Did we miss any? How do you envision the future of CRM?

Monday, February 13, 2012

Gaaaaame Onnn! - Ch. 10



As we take a look at eMarketing strategies, there is still a tendency to divide the internet into categories like social, eCommerce, games and news/entertainment. As the internet evolves, the lines between these categories will disappear. Shopping online will become more like playing a game, while reading the news.

Sites like TheClymb.com and Ideeli.com are already tapping into this. Help spread the word, recruit friends to these 'private sales events' with limited quantities available, all while earning bigger discounts or more exclusive access for yourself. It's almost like going to a 'Black Friday' sale with all your friends on your Facebook page, 2-3 times a week.
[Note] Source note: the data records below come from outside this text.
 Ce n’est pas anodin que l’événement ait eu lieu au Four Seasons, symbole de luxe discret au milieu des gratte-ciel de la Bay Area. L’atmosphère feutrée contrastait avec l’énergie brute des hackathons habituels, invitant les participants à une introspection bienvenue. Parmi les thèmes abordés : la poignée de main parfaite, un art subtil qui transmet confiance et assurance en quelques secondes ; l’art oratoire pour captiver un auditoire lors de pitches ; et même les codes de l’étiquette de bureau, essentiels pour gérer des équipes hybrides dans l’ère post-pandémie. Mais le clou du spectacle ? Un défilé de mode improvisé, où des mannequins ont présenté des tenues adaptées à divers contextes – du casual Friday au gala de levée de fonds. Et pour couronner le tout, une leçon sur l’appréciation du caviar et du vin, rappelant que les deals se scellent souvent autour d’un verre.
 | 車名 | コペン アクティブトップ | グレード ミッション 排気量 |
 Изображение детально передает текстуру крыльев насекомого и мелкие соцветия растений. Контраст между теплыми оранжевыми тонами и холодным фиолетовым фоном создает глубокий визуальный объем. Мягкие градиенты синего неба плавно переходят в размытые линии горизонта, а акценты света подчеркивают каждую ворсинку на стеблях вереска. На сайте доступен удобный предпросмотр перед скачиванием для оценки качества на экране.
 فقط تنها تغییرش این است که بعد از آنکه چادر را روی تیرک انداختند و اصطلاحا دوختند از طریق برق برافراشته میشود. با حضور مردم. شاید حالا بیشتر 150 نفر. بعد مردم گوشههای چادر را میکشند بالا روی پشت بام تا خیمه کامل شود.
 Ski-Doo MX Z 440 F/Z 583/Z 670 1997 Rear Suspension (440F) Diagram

In 5 Triggers that make your Product Addicting, Adrian Ott explains how these fields are converging and how we can apply principles that make a game addictive to the creation of engaging internet products.

Summary:
Games - The 2nd most popular internet activity. Behind social networking, ahead of email.
Triggers - Games tap into psychological triggers, which is why we keep playing them.

5 Key Triggers (5 more P's)
Peers and Power - The desire for social status.
Personal Pursuits - Meet a goal or support a cause
'Prairie Dog' Events - Big events that make us reconsider our behavior ( a bad experience, a breakup, a birth/death)
Productivity - We want things to be faster and easier
Price - We want to pay less/get more.

How to Apply Triggers
Map Them - Decide which triggers that best apply to your product
Build Triggers, Not Features - Only add complexity that triggers behavior, don't hide the triggers behind complex rules or stories. People generally won't spend a lot of time trying to learn your game.
Test and Re-Test - Consistently monitor to ensure your product activates the triggers.
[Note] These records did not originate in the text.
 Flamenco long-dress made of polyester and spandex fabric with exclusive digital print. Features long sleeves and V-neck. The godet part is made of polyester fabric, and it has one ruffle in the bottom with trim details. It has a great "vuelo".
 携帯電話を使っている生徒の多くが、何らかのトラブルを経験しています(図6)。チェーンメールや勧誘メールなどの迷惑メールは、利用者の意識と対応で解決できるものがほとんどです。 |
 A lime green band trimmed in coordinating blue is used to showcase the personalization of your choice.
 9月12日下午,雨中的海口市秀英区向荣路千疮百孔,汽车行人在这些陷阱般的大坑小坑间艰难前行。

I know, I know...we all thought video games were just for killing time at work and half-hoping you didn't get caught and half-hoping you get caught and fired because you really ought to move on from your dead-end-video-game-playing-job anyways.

Turns out, in marketing, those pointless games might be your ticket to your next job.

Any more insights into how websites are turning the web into one big video game? Any favorite sites that use innovative ways to draw customers in, and keep them coming back? Do share!

And...for those who didn't do the reading......
Chapter 10 - Product

Product - A bundle of benefits that satisfy the needs of a organizations or consumers, for which they are willing to pay for.

Creating Customer Value Online - 
- Customer Value = Benefits - Cost
So what creates value?
1. It encompasses the entire product experience: discovering, trying, buying, post-sale, 
2. It exists ENTIRELY in the MINDS of CUSTOMERS
3. It is tied to customer expectations.
4. Value exists at all price levels.

Product Benefits
- Attributes - What it is...color, taste, style, size, speed of service
- Branding - The intangible characteristics that differentiate a product from its competitors
- Support Services - Communicate! Be reachable, to the extent customers expect
- Labeling - Be identifiable, quickly. Reinforce trust, security, speed, whatever the customer is looking for
- Packaging - Make it look good.

Enhanced Product Development
- Customer Co-Design - Product customized for the customer.
- Electronic Input - Crowd sourcing, online reviews

Product Strategy
- Discontinuous Innovation - Brand new products that the world has never seen before. The first product in a new category.
- New Product Lines - A company decides to enter an existing market.